Last weekend I got to record music in our old music room at my parents house for the first time in twenty years. The last time I was recording music in that room it was on a 4-track tape player, the same machine which in one of my finer musical moments allowed me to record a translated version of Tesla’s “Love Song” for my high school Spanish class. And somehow I didn’t have that many friends in high school.
So up and coming rockers, the Cabin Kings, booked some session time with my brother at the engineering helm, and we got the basics of 10 songs or so recorded in two afternoon sessions. Listening to some of them now, I think we’ll need to re-record a ton, but this one has a few usable tracks I think: http://thecabinkings.com/022011/devil.mp3. It was nice to record with the piano I grew up with too… well, at least one of us grew up. But it’s definitely dawning on me that it’s a LOT of work to be in a band, to play shows, to record… and I’m seeing why people usually give that up for a while when they have kids.
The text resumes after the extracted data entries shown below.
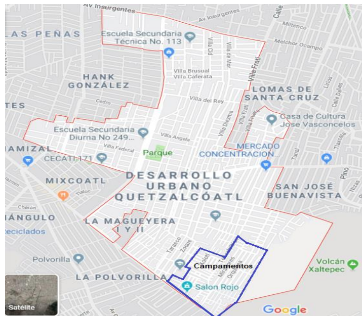
Ubicación de los campamentos

Los campamentos están situados en la parte sur de la colonia, esta es la zona que colinda con la alcaldía de Tláhuac, véase el siguiente mapa, en éste se ha señalado con líneas azules la demarcación de la que provienen los estudiantes que asistieron al taller de lectura (p: 14).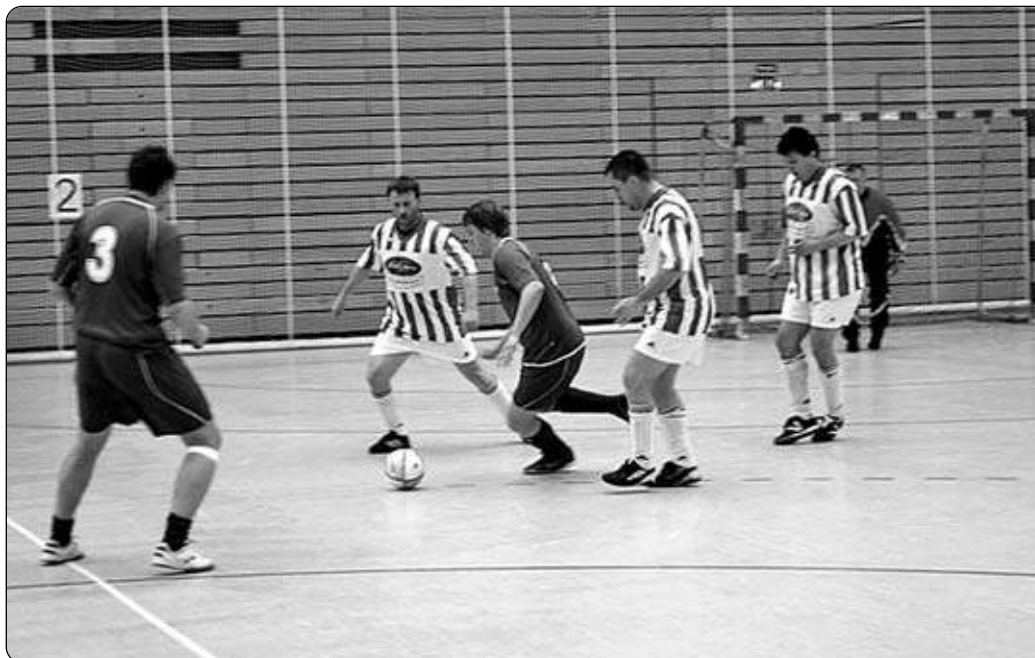
Szene aus Mecklenburg (grün-weiß) - Tschechien 0:2 (Berlin 2010)

Weitere Informationen sind auf der Homepage www.euro2011-rostock.de zu finden.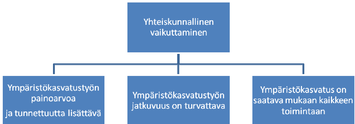
Kaavio 2: Yhteiskunnallisen vaikuttamisen tavoitteet

Suomen ympäristökasvatuksen Seuran toiminnan keskeisiin tavoitteisiin kuuluu ympäristökasvatuksen edistäminen yhteiskunnallisen vaikuttamisen keinoin (ks. kaavio 2). Vuonna 2010 yhteiskunnallisen vaikuttamisen osa-tavoitteita olivat: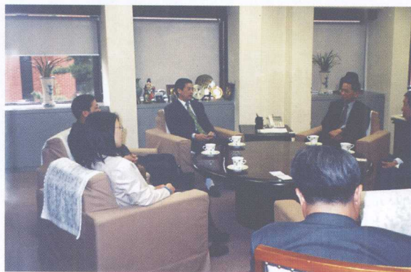
图2 课题成员拜会韩国 农村经济研究院院长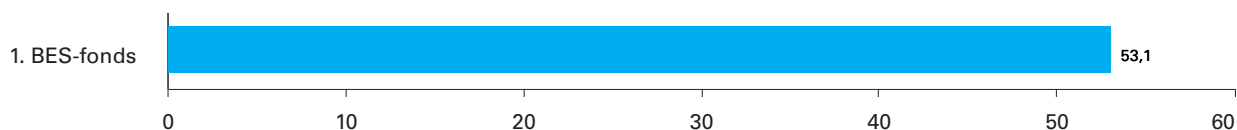
Figuur 3 Geraamde uitgaven BES-fonds (bedragen x € 1 mln.). Totaal € 53.094.000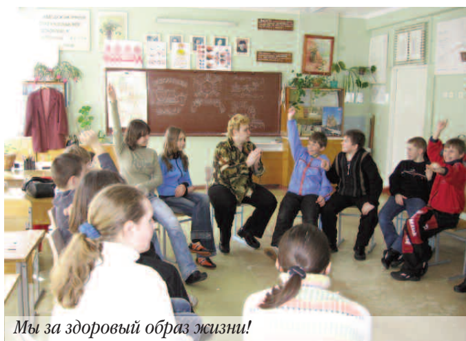
Мы за здоровый образ жизни!

The kids sort of want and need your attention too, it seems. Maybe I’m crazy but there’s still–after five years–the sort of out-of-body experience of being a dad, of you looking at yourself from afar as you change a diaper (you know, to get further away from the smell) or find yourself demanding that your child pick up the food they’ve thrown on the floor or sending them to their room. I mean, can we just so predictably become that person? I know these are just the stereotypical or prototypical moments of being a parent and there are countless others where you can be far goofier than any other parent has ever been and really bond with your kids on their level. That’s what comes easily to me. It’s the other part that feels like it’s just too generic to embrace.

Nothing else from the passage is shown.